- [Assignment]:
Where a picture appears, skip it and copy everything else in the listing exactly.

━━━ Provided records

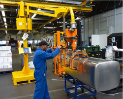Toujours en quête d’innovations, DALMEC, conçoit des solutions « métier » adaptées pour répondre à des exigences de déplacements de tout type de produit, sans effort et en toute sécurité. En l’occurrence, les manipulateurs DALMEC développés pour manœuvrer des bonbonnes et des réservoirs mécaniques, ont été conçus et réalisés pour répondre particulièrement aux exigences du monde industriel des secteurs de la métallurgie et de la mécanique, tenant compte de manipulations particulièrement difficiles comme celles rencontrées avec des réservoirs de toutes tailles et de tout poids. L’opérateur peut ainsi déplacer sa charge, même en porte-à-faux, dans tous les points du volume de travail aucun sans effort et dans des conditions optimales d’ergonomie et de sécurité.
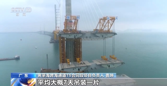 黄茅海跨海通道T5合同段项目负责人 曹坤:目前进行的主要工作是钢箱梁的吊装,平均大概7天吊装一片,预计2024年7月初完成全部钢箱梁吊装,全桥合龙。
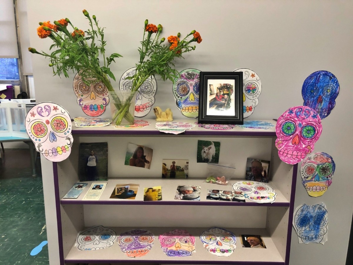 INCLUSIVE LEARNING Departing from more typical classroom experiences, the Teacher Opportunity Corps encourages educators to create culturally diverse classroom experiences. For Roxana Ochoa (M.A. ’20), that included having students celebrate “El Dia de los Muertos” in the classroom. (Photo courtesy of Ochoa)
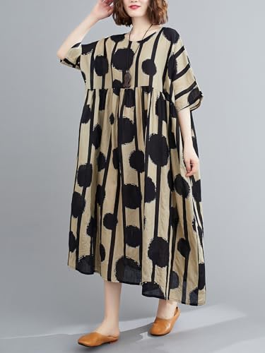 • LOOSE FIT DESIGN: One size with a loose fit. Loose dress length: 47.2 in. Bust: 55.9 in. Sleeve width: 8.2 in. This polka dot dress for women plus size features chic black dots. Polka dot summer dress
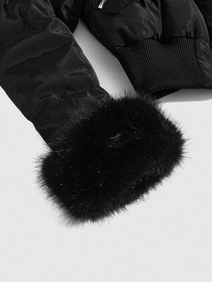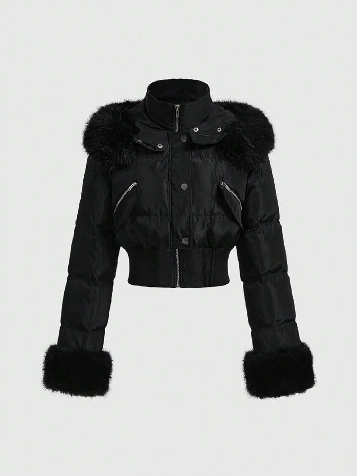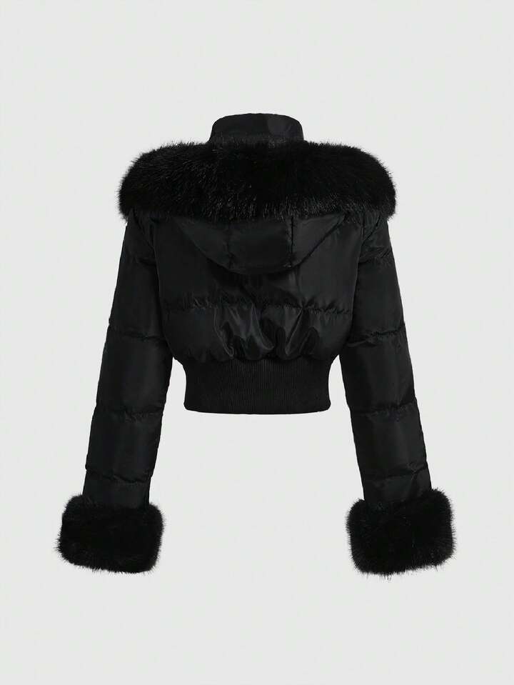 Manteau court matelassé pour femmes avec strass et fausse fourrure de style Y2K
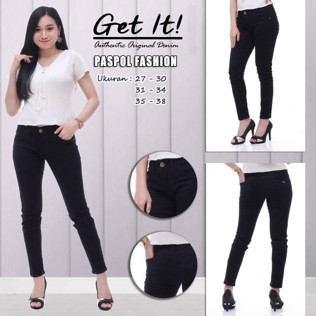 SKINNY JEANS WANITA WARNA HITAM MERK GET IT SIZE 28-38

━━━━━━

- [Reply to the exercise]:
Toujours en quête d’innovations, DALMEC, conçoit des solutions « métier » adaptées pour répondre à des exigences de déplacements de tout type de produit, sans effort et en toute sécurité. En l’occurrence, les manipulateurs DALMEC développés pour manœuvrer des bonbonnes et des réservoirs mécaniques, ont été conçus et réalisés pour répondre particulièrement aux exigences du monde industriel des secteurs de la métallurgie et de la mécanique, tenant compte de manipulations particulièrement difficiles comme celles rencontrées avec des réservoirs de toutes tailles et de tout poids. L’opérateur peut ainsi déplacer sa charge, même en porte-à-faux, dans tous les points du volume de travail aucun sans effort et dans des conditions optimales d’ergonomie et de sécurité.
 黄茅海跨海通道T5合同段项目负责人 曹坤:目前进行的主要工作是钢箱梁的吊装,平均大概7天吊装一片,预计2024年7月初完成全部钢箱梁吊装,全桥合龙。
 INCLUSIVE LEARNING Departing from more typical classroom experiences, the Teacher Opportunity Corps encourages educators to create culturally diverse classroom experiences. For Roxana Ochoa (M.A. ’20), that included having students celebrate “El Dia de los Muertos” in the classroom. (Photo courtesy of Ochoa)
 • LOOSE FIT DESIGN: One size with a loose fit. Loose dress length: 47.2 in. Bust: 55.9 in. Sleeve width: 8.2 in. This polka dot dress for women plus size features chic black dots. Polka dot summer dress
 Manteau court matelassé pour femmes avec strass et fausse fourrure de style Y2K
 SKINNY JEANS WANITA WARNA HITAM MERK GET IT SIZE 28-38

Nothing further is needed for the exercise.